Image of Sevastopol, Ukraine taken January 27, 2022. © 2022, Planet Labs PBC. All Rights Reserved.
AUTHOR PROFILE Christine Flannery
Curious Planeteer working to make the Earth's changes visible, accessible and actionable.

Top Takeaways from the 2022 GEOINT Symposium

Stories

Planeteers recently participated in the largest annual gathering of the geospatial intelligence community at GEOINT Symposium 2022. This year’s conference theme was “The Foundation of Intelligence” – with many sessions focusing on the future of public-private partnerships as they relate to supporting national security missions. 

Here are our top takeaways from the conference:

  1. Increased urgency to further embrace commercial GEOINT capabilities. Most agency and department leaders advocated for and espoused the benefit of increasing the U.S. government’s use of commercial capabilities to advance national security and civil missions. This was true across the spectrum of traditional GEOINT sources and new and emerging technologies on both the collection side and the growing analytic marketplace. This heightened demand presents new opportunities to grow the space industry, as well as increased competition which may lead to more partnerships, mergers, and acquisitions over the coming years.
  1. Attribution is key – both on Earth and in space. During the keynote by Lt. Gen. G. Chance Saltzman of the U.S. Space Force, he emphasized the importance and impactfulness of attribution. “What I mean by [attribution] is the ability to attribute to a specific actor a specific action at a specific time and place. I’ve seen firsthand how the ability to attribute activities changes adversary behavior before the activities are even executed. In short, the ability to attribute deters adversaries, or at the very least constrains their behavior.” Commercial providers like Planet are able to see more than just military activities in Ukraine and Russia – accurate and trusted global data can help expose potential cases of humanitarian violations, and war crimes. The power of commercial data, and especially unclassified data, is a force multiplier in this regard for the building of coalitions, public sentiment, and deterrence.
  1. Significant demand and value realization from the military service community for unclassified, shareable data. The relevance of unclassified commercial satellite data to shape global events has been even more prevalent over the last few months as Planet and other commercial imagery providers support Ukraine and its allies. As Vice Admiral Robert Sharp, outgoing Director of the National Geospatial-Intelligence Agency (NGA), said during his keynote speech, “Publicly available imagery of Ukraine is now providing unprecedented public insight that until recently would’ve been only available through government agencies and officials.” With countless images shared in the news and on social media, the public is able to “see the unseen,” and discredit false narratives and disinformation. General Richard D. Clarke, commander of U.S. Special Operations Command (SOCOM), also focused on the importance of information sharing during his keynote. Clarke set the stage for the week with his mug featuring the word “YESFORN,” a play on the NOFORN term meaning no dissemination to foreign nationals, and suggesting yes to international collaboration, information sharing, and support.
  1. The importance of diversity – in intelligence sources and in the workforce. There has been an explosion of growth in collection capabilities and analytics, with no end in sight. The wide range of sensors, radar, radio frequency (RF) and other capabilities have paved the way for more advanced and diversified analytics. And with all of these new GEOINT sources comes the need for a workforce with varying backgrounds, skills, and perspectives. Just days before the GEOINT Symposium, the Taylor Geospatial Institute was launched as a collaboration of eight leading research institutions in the St. Louis area to further the next generation of geospatial technology and technologists. As stated by Tonya Wilkerson, Deputy Director of NGA, “The next generation of STEM leadership looks like America. [They are] Black, brown, white, Asian and American Indian, female, hearing and deaf, abled and diferently-abled and neurodiverse, straight and gay, from inner cities and rural America. And I can’t wait to see what they do next.”

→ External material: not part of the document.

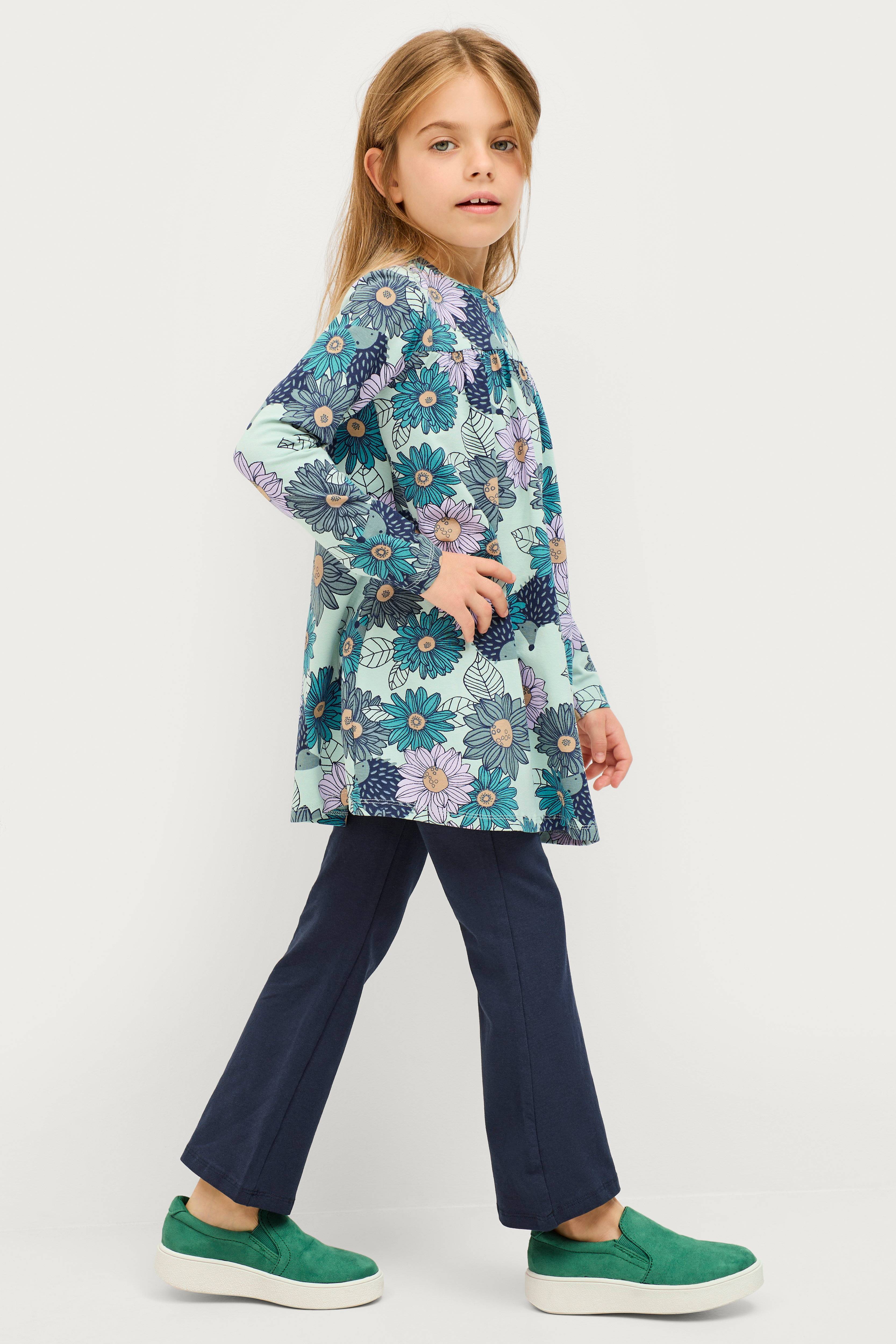 Modellen er 110,cm cm høj og bærer en str. 110/116

In the Planet exhibit booth, the Solutions Engineering team demonstrated some of the top use cases of Planet data for defense and intelligence. A few notable demos included monitoring intentional flooding around Kyiv, Ukraine, port monitoring with space FMV, identifying illegal maritime oil transfer, detecting change of construction activities and military equipment, and sub-daily monitoring of ports, airfields, and troop movements. The Planet team also had the opportunity to highlight some of our latest product announcements like our next-generation high-resolution fleet Pelican and PlanetScope 8-band. 

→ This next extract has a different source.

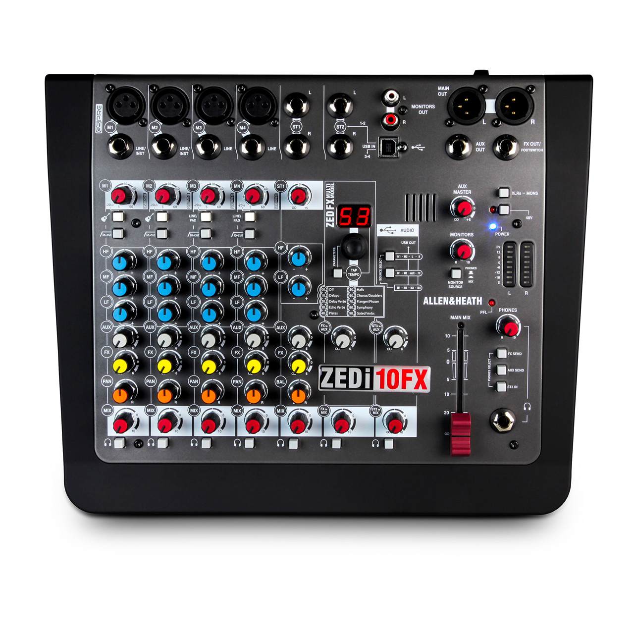 The Allen & Heath ZEDi-10FX mixer boasts built-in effects including lush reverbs, delays, and combinations of the two. Even better, tap tempo allows you to quickly sync delay effects with the tempo of your music. If desired, you can route the effects return to the headphone mix while leaving them out of the main mix – perfect for giving vocalists some “comfort reverb” during tracking.

As part of Planet’s commitment to increasing collaboration with the geospatial intelligence community, we recently expanded our USGIF footprint as a Strategic-Level Member. “Planet has been a USGIF partner for many years and we are thrilled at the expanded opportunity for engagement. Having Planet join the Foundation as a Strategic-Level Member is truly a big deal for us,” stated Ronda Schrenk, USGIF Chief Executive Officer. Planet looks forward to continuing to work with government and industry partners to address national security challenges.

See you next year at GEOINT 2023 in St. Louis!